While Jane and Ian were in Los Angeles for the premiere, there was one piece of business Jane had to attend to. She had to see Marta. Getting her address had been a matter of searching the London flat and finding an address book in a kitchen drawer that, sure enough, had an entry for Marta herself in California. Jane had written down that scrap of information, not in her address book, where she did not want it to have permanent residence, but on the back of a business card hidden in a secret compartment of her wallet. It was a piece of information to be used at the right time, for the right purpose. 

In Los Angeles, the morning of the premiere, she had some extra time when she was supposed to be getting a manicure. The driver had the address, the card on the dashboard in front of him. 

When he first pulled up she was amazed at the size and charm of the house. This didn’t seem like the London Marta she’d gotten to know, through her other piece of property. That Marta had a cool, modern taste that did not reach out, rather receding in shades of white with a décor of purely functional furniture. Here, a wraparound front porch, white shutters, and unimposing but substantial square pillars on each side of the one-story entrance welcomed the visitor. Jane rang the doorbell in a state of some confusion. Was there another side to Marta she didn’t understand? This woman had as impossibly many sides as a tesseract: every side she faced squared off again, into yet another dimension.

The echoing of high-pitched barks came closer and closer before the door was opened and Jane was confronted by another puzzle. The woman before her couldn’t have been more unlike Marta, except that they both had white-blond hair. She was spectacular. A voluptuous, hourglass figure, pale, powdery porcelain skin, and an emanant sexuality that recalled the likes of Monroe and Mansfield. Two orange puffballs roamed at her feet, barking at intervals until the vision silenced them with a, “Sst! Can I help you?”

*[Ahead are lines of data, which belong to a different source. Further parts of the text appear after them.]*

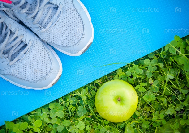 Спортивная обувь и яблоко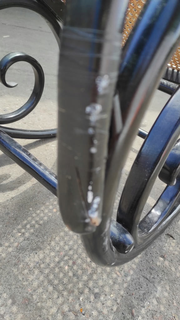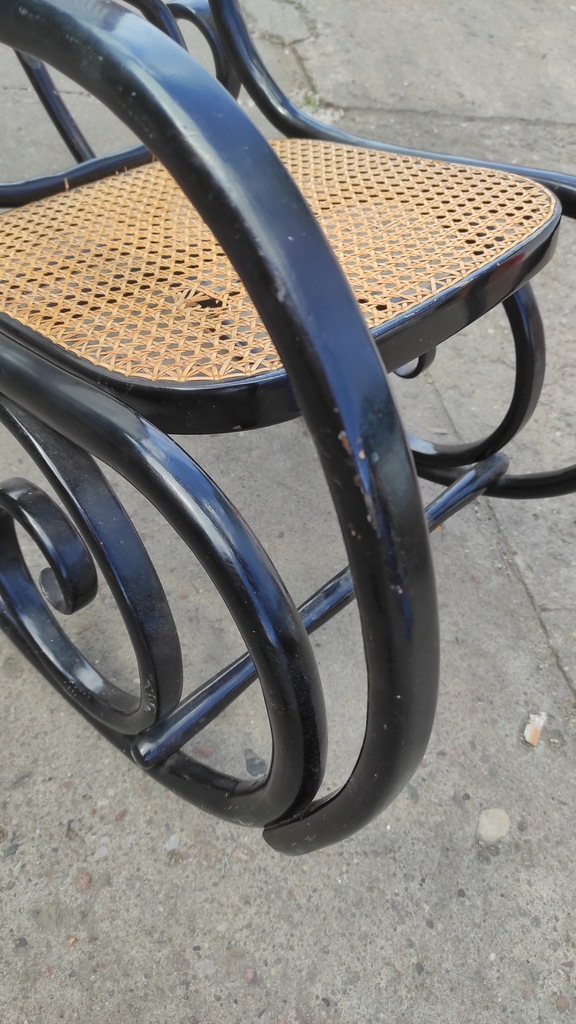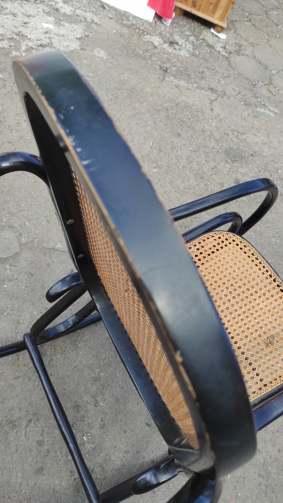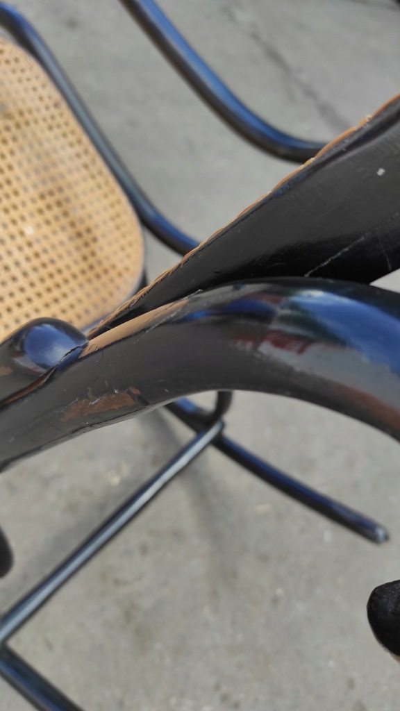 Fotel w kolorze czarnym. Z prawej strony widoczne jest pęknięcie - pokazane na ostatnim zdjęciu.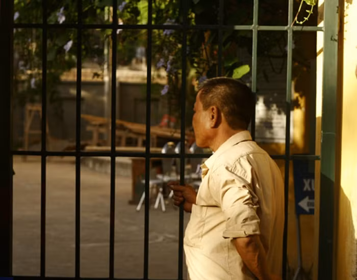 | Nhiều phụ huynh sốt ruột đứng ngồi không yên và liên tục ngó qua tường rào vào trong ngóng tin con. |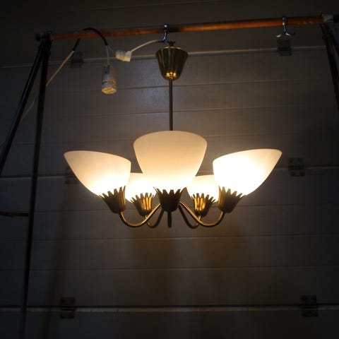 Mycket fin äldre taklampa, modell är en så kallad spelbordslampa. Fungerar fint.

“I’m looking for Marta Kuhonik.”

“Oh. Yes. She lives in the cottage behind.” The woman smiled, her heart-shaped lips a charming red bow. “May I ask who’s calling?”

“I’m Jane Reilly.”

“Oh!” A shadow passed over her face swift as a thought, then she smiled even more sweetly and stepped to one side. “Delighted. Why don’t you come in? I’ll see if she’s home.”

“All right. Thank you.” Jane walked past the two rusty guardians, revealed to be Pomeranians in better light, who trotted one on each side, accompanying her to the living room on the left. It was a light-filled, pleasant room, with a blue checked sofa and two nubby chairs. 

“I’m Cecelia.” She gestured at the room for her guest to sit. 

Then it clicked. This was Cee Cee Bedard, the model and actress. She had been the star of a burlesque show in Las Vegas for years. 

“Would you like some tea?”

This was not how Jane had pictured the whole scenario. In for a penny. “Why not, if it’s no trouble.”

“Not at all. I usually have some myself about this time. I’ll just put the kettle on and check on Marta.”

Jane settled herself on the sofa and looked down at the dogs, who were sitting in the center of the room staring at her. She patted her leg and they trotted up to her, panting and smiling. As she murmured endearments and scratched their ruffs, she heard the clink of the kettle and rush of water from the kitchen, then the sound of a door opening and closing.